The year 2025 marks the point at which artificial intelligence ceases to be a technological curiosity and becomes a business imperative. Already 83% of companies say AI is a top priority in their plans , and 88% of leaders see accelerating its adoption as a key objective. Investment is growing exponentially, driven by the promise of unprecedented returns.

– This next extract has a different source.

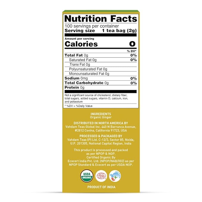 - PACKED IN ECO-CONSCIOUS TEA BAGS - Our eco-conscious Ginger tea bags are carefully packed in rounds free from dyes, chemicals, adhesive, glue, and chlorine bleach. Savor toxin-free, premium Ginger tea that's pure and refreshing.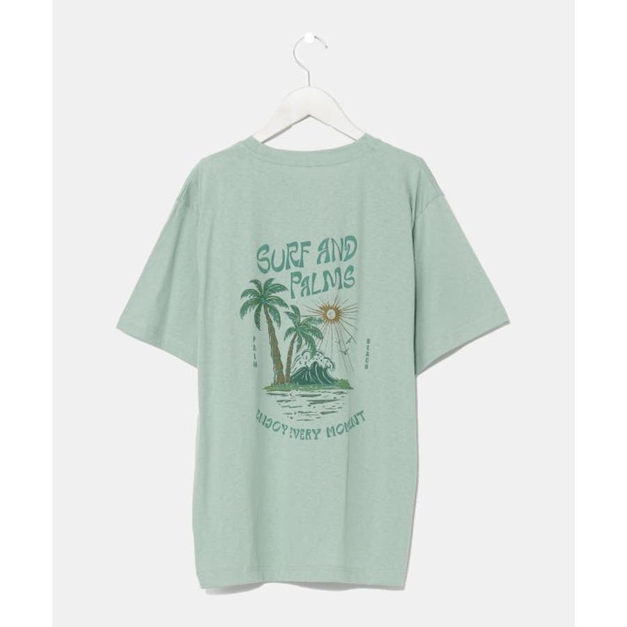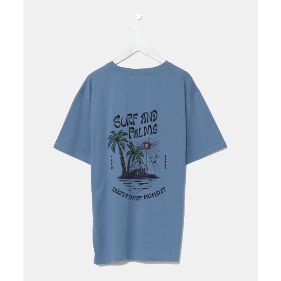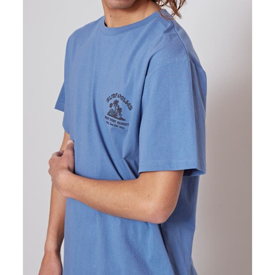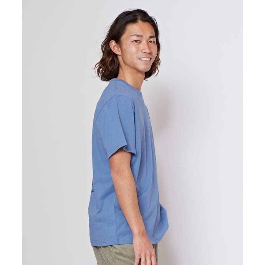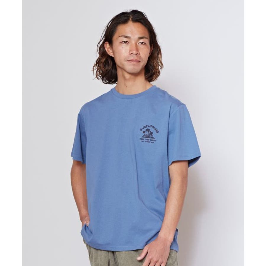 薄手のメンズTシャツ。ゆったりとしたシルエット。サーフシーンをイメージしたバックプリントと、フロントのさりげないフロッキープリントがポイントです。

However, behind the facade of this enthusiasm lies a disturbing paradox. Organisations, rushing towards revolution, are colliding with the wall of their own technological foundations. Flexential’s‘2025 State of AI Infrastructure‘ report mercilessly exposes this truth: as many as 44% of companies cite IT infrastructure limitations as a major barrier to the expansion of AI initiatives. This is a central strategic challenge that can derail the most ambitious plans. Infrastructure, once seen as a back office, has become the bottleneck that determines the pace of innovation.
ROI-driven arms race
The global AI boom in 2025 is no longer driven by curiosity, but by hard, tangible benefits. We have moved from a phase of experimentation to a phase of strategic, company-wide scaling. The driving force is return on investment (ROI). Companies that have implemented generative AI report an average return of 3.7 times their investment. What’s more, 74% of organisations report that their most advanced GenAI initiatives meet or exceed ROI expectations.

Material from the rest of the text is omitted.